しちれゆ

なれのはてのしちれゆのレビュー・感想・評価

なれのはて(2021年製作の映画)
3.9
マニラの貧困地区を終の住処として生きる日本人の″困窮老人″を10年にわたり追ったドキュメンタリー。彼ら4人は皆 心の底では日本に帰りたいと願いながらも孤独に あるいは 現地妻や子供と暮らしている。この人たちは優しい。「日本の嫁さんといた頃はこんな幸せを感じたことはなかった」優しく弱いゆえに家庭という呪縛に囚われ、それを捨て、罪悪感と共に生きている。その悲惨な末路は勿論 自業自得ではある。
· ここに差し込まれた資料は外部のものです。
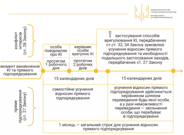 При цьому слід враховувати, що час для виконання вимог ст. 28 Закону є більш обмеженим (повідомлення про конфлікт інтересів здійснюється не пізніше наступного робочого дня з моменту виявлення, а врегулювання конфлікту інтересів – протягом 2-х робочих днів з дня отримання повідомлення), ніж час для усунення обставин прямого підпорядкування близьких осіб (до 1 місяця з моменту виникнення обставин).
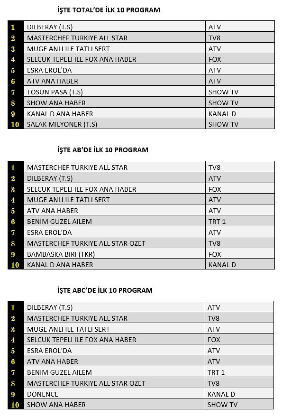 Total'de 1.sırada Atv’de izleyiciyle buluşan Türk Sineması “Dilberay”, 2. sırada TV8’de yayınlanan “Masterchef Türkiye All Star”, 3.sırada Atv’de ekrana gelen “Müge Anlı Tatlı Sert” yer aldı.
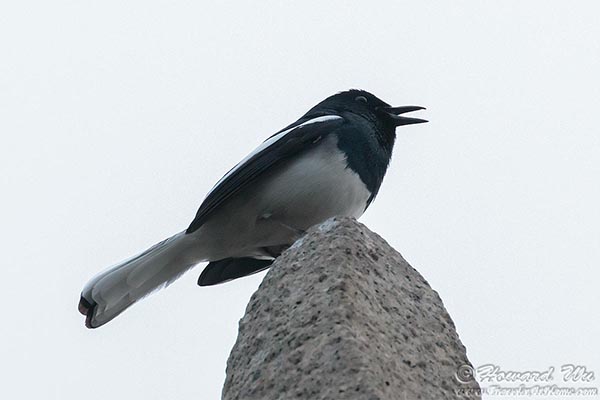 Almost as soon as I reached the statue, I saw my first new bird of the trip -- an Oriental Magpie-robin (鵲鴝). The sky was gray at the time and the bird was backlit, so the picture did not turn out very well, but hey, a new bird is a new bird.
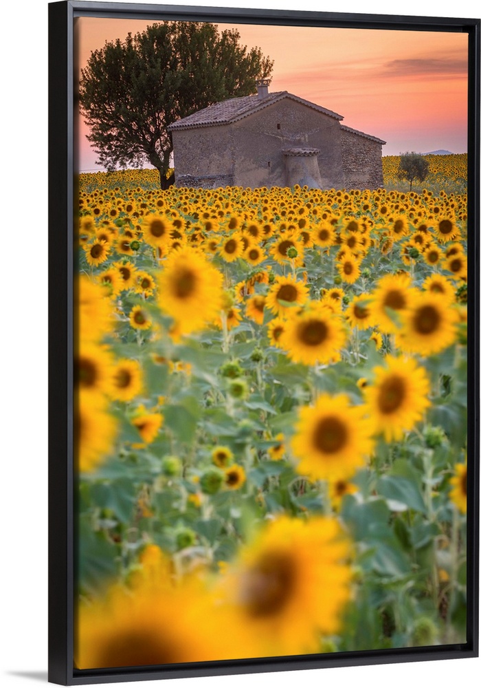 <p>Provence, Valensole Plateau, France, Europe. Lonely farmhouse in a field full of sunflowers, lonely tree, sunset.</p>
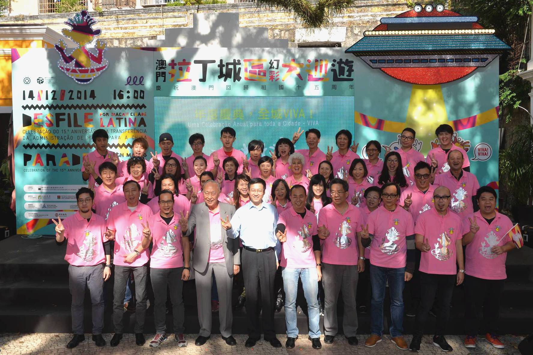 The “Parade through Macao, Latin City” is organised by the Cultural Affairs Bureau and is co-organised by the Civic and Municipal Affairs Bureau, the Macao Government Tourist Office, the Public Security Police Force, the Transport Bureau, the Fire Services Bureau, the Education and Youth Affairs Bureau of Macao and the Macao Association for the Promotion of Exchange between Asia-Pacific and Latin America. It is also supported by various organisations, including the Macao General Union of Neighbourhood Associations, the Macao Sam Pa Mun Residents Mutual Aid Association, the Macao Soi Ho Cheok Residents Mutual Aid Association, as well as VIVA Ambassadors supporters, namely the Recreation Club of the Bank of China – Macao Branch, the Macao Community Youth Volunteers Development Association, the General Volunteers Association of Macao and the Association of Social Service Volunteers Macao. This edition is also fully supported by Air Macao Co, Ltd. In addition, TDM (Teledifusão de Macau, S.A.) is serving as the designated television broadcaster.

けれどそこにはどうしてもそう歩まざるを得なかった人間の悲しみがある。これを私たち部外者が断罪するのは違うだろう。少なくともこの人たちは貧しさと病苦と死によって自分の人生に落とし前をつけた。
歯の抜けた彼らの口から出る言葉は自嘲に充ちている。自分の罪は自分が一番よく分かっているのだ。「早く死にたいなぁ。」
カトリックの国フィリピン、そこかしこに掲げられているキリストの肖像や祠のようなマリア像がとても虚しい。